A. Ensure you are student-facing. The initial driver for STAR-Trak was corporate: retaining students. From an individual student’s perspective that looks a little different: a student doesn’t want to be judged in terms of the risk of them dropping out, may be alarmed by a red “traffic light” against their name, and may be sensitive about who can see what data about them.
B. Understand what data is critical to understanding retention. For us it is a subset of the student record data (such as demographics, entry qualifications, whether they came through clearing) and attendance data. We suspect that this data will give us around 90% of the information that we need. The other activity data is almost the icing on the cake – but clearly we need to evaluate this over time.

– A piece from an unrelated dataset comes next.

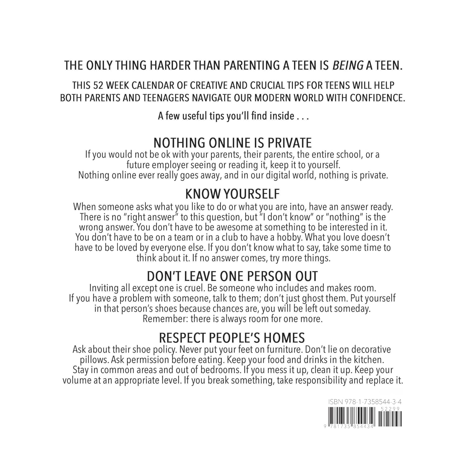 A Practical, No-Lectures Guide to Social Confidence, Respect, and Real-World SkillsRaising teens is a challenge. One minute they’re funny and charming, the next they’re moody, distracted, or glued to their screens. You want them to succeed, to connect with family and friends, to feel confident in social situations—but teaching them the small things that make a big difference often feels impossible.52 Modern Manners for Today’s Teens is designed for this exact problem. This book isn’t about formal etiquette or outdated “do’s and don’ts.” It’s about the skills that really matter today: social awareness, respect, confidence, teamwork, and digital responsibility. These are the lessons that help teens thrive in a world that’s more connected, more digital, and often more complicated than it used to be.Teens may resist learning. They may roll their eyes or push back. That’s normal. This book works differently. It teaches through a stand-up flip calendar format, where each page presents one clear, actionable manner on the front and explains the “why” and practical steps on the back. Place it on a desk, countertop, or bedside table and let teens engage naturally, week by week, at their own pace.What makes it so effective:Relevant lessons for real life: Teens learn about digital safety, personal hygiene, inclusion, teamwork, and everyday social skills.Short, direct, and memorable: Lessons are designed to stick without feeling overwhelming or preachy.Independent learning: Teens can explore the lessons on their own, reducing tension and eye-rolling.Visual and interactive: The calendar-style design keeps lessons visible and top-of-mind all week. Some of the key manners included are:“Nothing online is private” – staying safe and mindful online.“The way you smell matters” – small habits with big social impact.“Don’t leave just one person out” – promoting empathy and kindness.“Pitch in” – understanding contribution, teamwork, and responsibility.“Introduce yourself” – gaining confidence in social interactions. These are just a few of the 52 powerful lessons that have already helped over 100,000 families and classrooms. Parents report smoother family interactions and more respectful communication. Teachers and educators find it an invaluable tool for guiding students toward better social awareness and stronger interpersonal skills.Who benefits: Teens ages 11 and up, whether shy, outgoing, or somewhere in between. Ideal for families, classrooms, or independent learning, it’s a resource that grows with your teen and provides meaningful guidance at every stage of social development.Why this book works:Teens gain confidence without feeling pressured.Lessons are actionable and meaningful in today’s world.Teaches digital responsibility, empathy, teamwork, and self-awareness.Encourages positive relationships at home, school, and online.Visual format reinforces daily learning and creates natural conversation starters. Looking for more? If you loved Volume 1, Volume 2 adds 52 all-new manners to continue building your teen’s social skills, confidence, and life success. Together, the two volumes provide two full years of practical, modern guidance for teens navigating school, friendships, family life, and online interactions.Teens don’t need another lecture—they need tools that make sense in their world, lessons they can see, understand, and apply every day. 52 Modern Manners for Today’s Teens gives them exactly that, helping teens develop confidence, respect, and real-world skills while making family life calmer, smoother, and more connected.Give your teen the chance to thrive socially, academically, and personally. Don’t wait—start seeing the difference that 52 simple, modern manners can make in your teen’s life. Read more

C. Develop a canonical data model for the domains you are interested in. It surprised us that even within the same department colleagues had different interpretations of data ! We have not formally developed such a model, but have laid the foundations for its development (which is the subject of a different programme) through workshops.
Addressing the big issues: STAR-Trak has faced differnt issues from those faced by most other projects in the programme. For us the issues have been:
A. Use of data: we have already discussed this in a previous post (opens in new window)
B. Algorithms: STAR-Trak contains a number of configurable parameters that feed into a system-generated “score” of a student’s risk of dropping out – or level of engagement depending on whose perspective you are taking. The detail of this will be provided in the installation and configuration manual as mentioned earlier in this post.